YKY doesn't want to focus on HOL at the moment, but he suggested I write down my thoughts anyway. I was going to put it off since I'd really want to do a more detailed write-up taking care of all the loose ends, but since there is some interest from Russel, I'm outlining my approach now.

The approach is to translate system IG from the paper Illative Combinatory Logic. This is an untyped lambda-calculus logic which soundly & completely interprets first-order logic both "directly" (ie, as truth functions) and via curry-howard isomorphism (which indicates the strength of the type reasoning the system can interpret).

The way I'm planning on translating it is to treat a statement and its negation as essentially separate statements in the probability distribution; ie, the Liar sentence can have probability 0, but its negation can simultaneously have probability 0. Only when we know a statement is a proposition can we derive that P(prop) = 1 - P(~prop).

After this, what we do is just encode the valid sequents as rules in our existing logic. However, IG has an infinite number of valid sequents, specified with some sequent derivation rules. This means that we've got an infinite number of rules now-- we need an efficient mechanism for constructing valid rules as they are needed. The sequent derivation rules get turned into "meta-rules" in our logic. This is a bit complicated, but better than the alternatives (see my previous post).

One complication is that sequent-based need to be combined with something like the noisy-or combination rule [I need to add a reference...]. At present we're planning on dealing with this by having noisy-or be the default combination rule in the whole system; there are some cases where it is a terrible rule, though.
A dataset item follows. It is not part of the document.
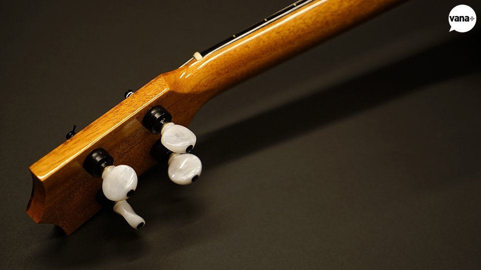 헤드스탁에 카마카 로고가 새겨져 있는데 디럭스 제품은 자개로 새겨진 로고 외곽에 Onyx로 테두리가 씌워져 있다.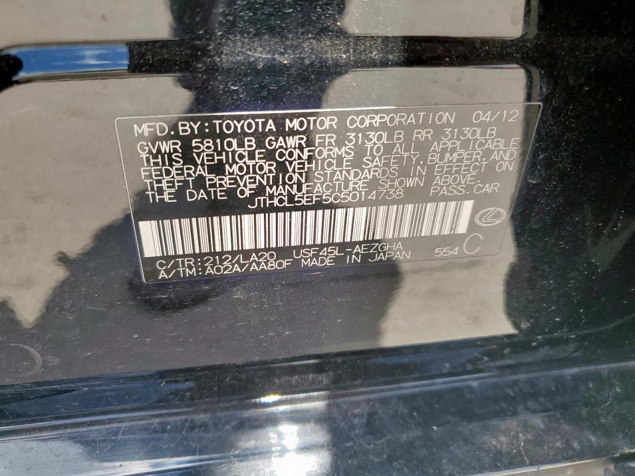 JTHCL5EF5C5014738Final Bid

YKY thinks we can determine which cases to apply it to using causal reasoning.

For efficient reasoning, we'd like to normalize terms before reasoning so that we can quickly recognize equality. However, in untyped HOL, some terms have nonterminating normalizations. There are a few things we can do. One is to just have a time cutoff on normalization attempts. Another is to try and do some type reasoning before normalization (so we'd only normalize when we could first prove termination). A third option that might have some interesting properties is what I'm calling "compressive normalization"... rather than the usual normalization, use the shortest form of a term as the normal form. This is non-terminating and we'd still need a time cutoff, but unlike the usual normal form, it exists even for terms which aren't propositions-- it just always exists. It might be useful to keep short forms of terms around for compression purposes.

Speaking of compression; integrating both HOL and likelihood reasoning into Gen means that might be feasible to specify a prior probability distribution over models within Gen itself, meaning iduction just becomes probabilistic deduction. However, I have not worked out details here.

That's all for today! :)


    Page 7, section 3, Noisy Or Classifier - The noisy-or model was first introduced by Pearl [9]. As its name suggests it is a generalization of the deterministic OR relation...

    The noisy-or classifier can have the following semantics. If an attribute, say Aj , is in a state aj then the instance (a1, . . . , aj , . . . , ak) is classified to class C = 1 unless there is an inhibitory effect, which has probability PM(A0j = 0|Aj = aj ). All inhibitory effects are assumed to be independent. Therefore the probability that an instance does not belong to class C, i.e. C = 0, is a product of all inhibitory effects Qj PM(A0j = 0 | Aj = aj)6.

  2. [9] J. Pearl. Probabilistic reasoning in intelligent systems: networks of plausible
    inference. Morgan Kaufmann, 1988.

  3. One thing I don't understand is the usefulness of those "higher-order terms" that you talk about. In most cases I assume the terms would be terminating.